Chi-square tests
Chi-square tests are non-parametric analyses that evaluate frequencies in a sample and compare those to the expected frequencies in a population. Chi-square goodness-of-fit tests look at one variable, while a chi-square difference of means test looks at two variables.
Chi-square test, goodness of fit
A chi-square goodness of fit compares your observed values to expected values. For this example, we will look at the 1988 NLSW (National Bureau of Labor + Statistics, Young Women dataset) data and use the csgof package for our analysis.
First, install the csgof package. In Stata, type
findit csgof
and click on "csgof from http://www.ats.ucla.edu/stat/stata/ado/analysis". This will take you to a second screen in Stata; click on "click here to install", install the package, and then return to the command line.
Load your data and look at your data (using the browse command).
sysuse nlsw88
br
Based on other information, you hypothesize that the people captured by this dataset are mostly "race = white", with smaller frequencies of people coded as "race = black" and an even smaller group of "race = other".
csgof race, expperc(75 20 5)
These results show that the racial composition in your sample does not match your expectations.

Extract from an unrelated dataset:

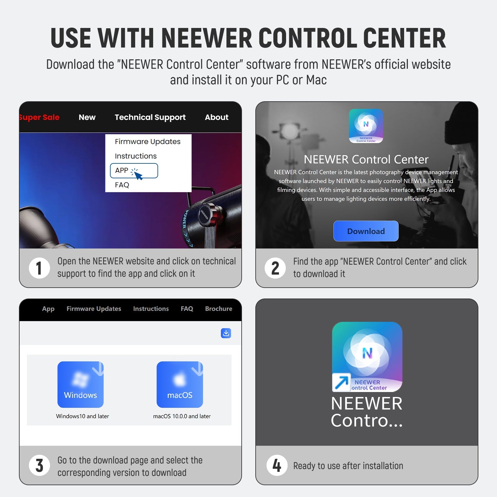 - Utilizzo con NEEWER Control Center - Scarica il software "NEEWER Control Center" dal sito Web ufficiale di NEEWER e installalo sul tuo PC o Mac, quindi puoi utilizzare il software per controllare facilmente l'illuminazione sul tuo computer con pochi clic del mouse

Chi-square test, independence
Also known as the chi-square test for a difference of means, this test examines the relationship between two categorical variables. In this example, I will look at the stock Stata dataset of automobile repair data from 1978 and see if there is a relationship between a car's repair rating and whether or not it was produced in the US.
sysuse auto
tab rep78 foreign, chi2
If you wanted to see row percentages instead of frequencies, specify that in the options:
tab rep78 foreign, row nofreq chi2